# Best milk replacer



## midlothianffa (May 5, 2013)

What's the best milk replacer for boer kids ours don't seem to grow at all on dumor replacer


----------



## Zzpygmies (Oct 31, 2014)

I just use whole cows milk.. I have great results, my kids grow well. You can't tell the difference between my dam raised and bottle raised kids.


Raising NPGA pygmy goaties


----------



## midlothianffa (May 5, 2013)

Thanks 
We used to use the cows milk I couldn't remember how well they did on it


----------



## ksalvagno (Oct 6, 2009)

Land O Lakes Does Match is a much better replacer than Dumor. It is worth it to pay for the better quality replacers.


----------



## nancy d (Oct 5, 2007)

What we do for any bottle kids is the following;

1 can evap & 2 cups half n half to a gallon of whole milk, then a pinch of probiotic powder to each bottle.
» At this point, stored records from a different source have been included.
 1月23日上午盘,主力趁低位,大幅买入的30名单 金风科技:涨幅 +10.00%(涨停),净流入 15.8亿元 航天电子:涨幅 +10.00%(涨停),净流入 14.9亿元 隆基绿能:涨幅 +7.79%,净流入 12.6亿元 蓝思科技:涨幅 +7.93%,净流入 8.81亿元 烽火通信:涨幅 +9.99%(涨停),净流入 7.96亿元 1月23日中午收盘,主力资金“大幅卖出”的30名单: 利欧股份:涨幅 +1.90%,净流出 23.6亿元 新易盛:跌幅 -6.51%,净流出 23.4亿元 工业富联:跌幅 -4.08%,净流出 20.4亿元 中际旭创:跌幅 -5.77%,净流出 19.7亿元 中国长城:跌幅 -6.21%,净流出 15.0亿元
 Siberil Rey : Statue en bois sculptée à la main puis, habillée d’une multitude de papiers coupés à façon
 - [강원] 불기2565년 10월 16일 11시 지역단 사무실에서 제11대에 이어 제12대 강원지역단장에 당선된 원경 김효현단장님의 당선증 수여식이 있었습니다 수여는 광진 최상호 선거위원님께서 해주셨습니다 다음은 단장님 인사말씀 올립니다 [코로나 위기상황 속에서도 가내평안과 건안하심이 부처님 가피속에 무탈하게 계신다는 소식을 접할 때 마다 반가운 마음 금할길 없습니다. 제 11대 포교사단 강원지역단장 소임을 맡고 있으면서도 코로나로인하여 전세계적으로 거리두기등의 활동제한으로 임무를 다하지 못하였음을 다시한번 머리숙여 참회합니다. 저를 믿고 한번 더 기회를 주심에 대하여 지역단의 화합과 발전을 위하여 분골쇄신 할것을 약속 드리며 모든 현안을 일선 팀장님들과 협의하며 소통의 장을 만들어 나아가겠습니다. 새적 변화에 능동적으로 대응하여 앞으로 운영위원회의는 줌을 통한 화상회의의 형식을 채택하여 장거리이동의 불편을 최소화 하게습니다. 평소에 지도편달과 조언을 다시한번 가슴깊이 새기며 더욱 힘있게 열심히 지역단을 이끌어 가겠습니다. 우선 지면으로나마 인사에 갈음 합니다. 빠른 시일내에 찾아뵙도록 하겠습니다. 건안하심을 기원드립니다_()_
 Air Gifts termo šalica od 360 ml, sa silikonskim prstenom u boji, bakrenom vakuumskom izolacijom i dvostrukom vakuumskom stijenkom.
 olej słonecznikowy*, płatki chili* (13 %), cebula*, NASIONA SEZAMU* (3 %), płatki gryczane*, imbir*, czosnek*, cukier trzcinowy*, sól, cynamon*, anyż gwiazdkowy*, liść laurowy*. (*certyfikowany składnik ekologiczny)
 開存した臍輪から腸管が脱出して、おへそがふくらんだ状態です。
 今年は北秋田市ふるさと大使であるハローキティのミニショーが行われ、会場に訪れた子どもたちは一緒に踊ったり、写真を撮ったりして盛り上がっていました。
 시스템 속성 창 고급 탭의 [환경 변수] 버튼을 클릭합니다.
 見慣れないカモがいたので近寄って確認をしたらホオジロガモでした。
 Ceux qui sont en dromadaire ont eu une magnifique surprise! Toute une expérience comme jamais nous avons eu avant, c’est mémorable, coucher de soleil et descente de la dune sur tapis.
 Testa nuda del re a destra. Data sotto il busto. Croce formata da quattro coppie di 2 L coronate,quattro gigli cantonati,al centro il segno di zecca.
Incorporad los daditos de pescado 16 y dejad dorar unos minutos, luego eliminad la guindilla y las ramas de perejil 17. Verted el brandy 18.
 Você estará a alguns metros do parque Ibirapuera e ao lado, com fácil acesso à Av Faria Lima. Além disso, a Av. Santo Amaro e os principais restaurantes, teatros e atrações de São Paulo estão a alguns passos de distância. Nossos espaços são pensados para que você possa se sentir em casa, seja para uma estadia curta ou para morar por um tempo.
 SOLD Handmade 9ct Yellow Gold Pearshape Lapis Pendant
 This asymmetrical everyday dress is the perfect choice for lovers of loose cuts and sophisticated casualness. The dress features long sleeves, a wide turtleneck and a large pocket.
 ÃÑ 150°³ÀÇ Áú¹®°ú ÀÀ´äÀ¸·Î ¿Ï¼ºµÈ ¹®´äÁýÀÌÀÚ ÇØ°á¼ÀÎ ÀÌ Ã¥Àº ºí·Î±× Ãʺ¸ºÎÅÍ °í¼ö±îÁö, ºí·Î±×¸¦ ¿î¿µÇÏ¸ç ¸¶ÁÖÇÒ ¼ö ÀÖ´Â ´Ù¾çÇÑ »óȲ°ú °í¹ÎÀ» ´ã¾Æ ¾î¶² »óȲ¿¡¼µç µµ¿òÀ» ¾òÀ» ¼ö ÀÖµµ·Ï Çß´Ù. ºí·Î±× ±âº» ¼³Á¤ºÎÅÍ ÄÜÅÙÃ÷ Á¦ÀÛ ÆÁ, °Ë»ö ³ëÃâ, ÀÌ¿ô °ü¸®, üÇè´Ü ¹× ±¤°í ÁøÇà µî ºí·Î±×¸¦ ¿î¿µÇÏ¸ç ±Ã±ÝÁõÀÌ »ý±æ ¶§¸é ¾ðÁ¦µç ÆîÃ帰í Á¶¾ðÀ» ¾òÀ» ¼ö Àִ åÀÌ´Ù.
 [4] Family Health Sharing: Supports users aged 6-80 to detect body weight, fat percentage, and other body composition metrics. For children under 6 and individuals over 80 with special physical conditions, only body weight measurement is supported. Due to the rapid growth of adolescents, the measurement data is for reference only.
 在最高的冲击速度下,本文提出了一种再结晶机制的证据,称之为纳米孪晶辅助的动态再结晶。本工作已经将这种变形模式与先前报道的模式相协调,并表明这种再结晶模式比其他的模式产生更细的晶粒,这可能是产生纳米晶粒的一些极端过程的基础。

Buttermilk is better than the half n half but I can never find whole buttermilk.


----------



## J.O.Y. Farm (Jan 10, 2012)

I use whole cows milk here too if for some reason I don't have enough milk.. Most of the time it's mixed with my goat milk..
I agree with Karen, if your going to give a replacer, make sure it's a good one  your better off spending more on a good one, then feeding them a crappy one...


----------



## midlothianffa (May 5, 2013)

Thanks everyone we don't have enough room in the fridge for the cows milk so we got the land o lakes brand


----------



## lottsagoats1 (Apr 12, 2014)

I have always had great luck with Sav A Calf kid milk replacer.


----------



## rebelINny (Feb 7, 2014)

Manna pro kid formula is my formula of choice IF I have to use it. But I do usually mix half n half with whole cow milk as well


----------



## J-TRanch (Jan 31, 2014)

Whole cows milk with a can of evaporated milk. My kids grow well on it... if you can at all, raw goats milk is the best though.


----------



## lovinglife (Jun 6, 2013)

I have had good luck with calf replacer that is 100% milk. Goats don't do well on soy which is in lots of milk replacers. It is expensive but worth it. I usually try to add some goat milk with it, but sometimes I just don't have enough so its all replacer, so far no problems.


----------